The molecular classification of ependymoma represents an asset for designing the next generation of ependymoma trials. However, it also raises new challenges that need to be addressed. The review highlights a few of these barriers, such as pre-clinical modeling difficulty, heterogeneity of the disease, lack of surgical standards across local providers, and the uncertainty of the role of conventional chemotherapy.

• Therapeutic Gap: The authors note that evidence for effective drug treatments and chemotherapies remains sparse.
  
• Upcoming Data: New insights are expected from recently finalized multi-institutional trials, such as SIOP EP II in Europe and ACNS0831 in North America, through metadata analysis.
  
• Ongoing Challenges: The paper concludes by discussing the remaining challenges in finding definitive cures for all types of ependymal tumors and expresses the urgent need for clinical trials that span across ages and subgroups.

Why This Matters

Even though we have learned more in the last 10 years than in the 100 years before that, there is still no definitive cure for many cases of ependymoma. Scientists are currently finishing large international studies to see if new treatments can help more kids and adults get better.

“It is fascinating to see how many famous doctors and scientists have conducted research on ependymoma at some point in their careers,” said one of the paper’s authors, David Ghasemi, MD, MRes. “The pathologist Rudolf Virchow, who is considered the father of modern medicine; the founders of the first systematic brain tumour classification, Harvey Cushing and Percival Bailey; and the famous physician Gustave Roussy, after whom one of Europe’s largest cancer centers is named; all studied ependymoma at some point in their careers. In ependymoma research, we stand on the shoulders of giants.”

Another key aspect the article highlights is the influential role that advocacy played and continues to play in accelerating our understanding of the disease. 

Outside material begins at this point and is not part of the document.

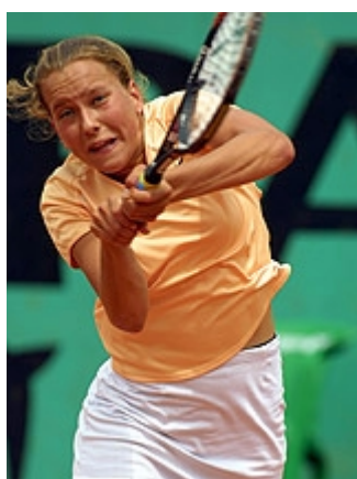
Barbora Strycova (CZE)

“I am particularly proud that Kim contributed to our review as an author and highlighted the central role played by philanthropic foundations such as CERN,” continued Dr. Ghasemi. “I already knew that we owe much of our progress to our patients’ foundations, but prior to writing this article, I was unaware of the sheer number of milestones in ependymoma research that CERN, in particular, has been instrumental in achieving.” 

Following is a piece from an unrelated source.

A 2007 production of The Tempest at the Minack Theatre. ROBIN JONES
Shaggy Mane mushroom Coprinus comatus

The history of ependymoma research is a great example of how disease-specific research funding that is driven by patient organizations is imperative to generate momentum in scientific discovery, to build a base of expert clinicians and scientists, and to incentivize them to stay in the field. Furthermore, initial grants by smaller patient organizations frequently open doors for larger grants to build on these initial investments.

“We hope that our article will enable readers to find clinical studies that are relevant to the care of their individual patients and to better understand the complex interplay between classical histological and modern molecular diagnostics in the context of ependymoma treatment,” said Wallgren. “Of course, we also hope that this review provides an easy introduction to the fascinating world of ependymoma research and offers a good starting point for newcomers to the field. The review comes at an opportune time, as we celebrate 20 years of impact at CERN in 2026.”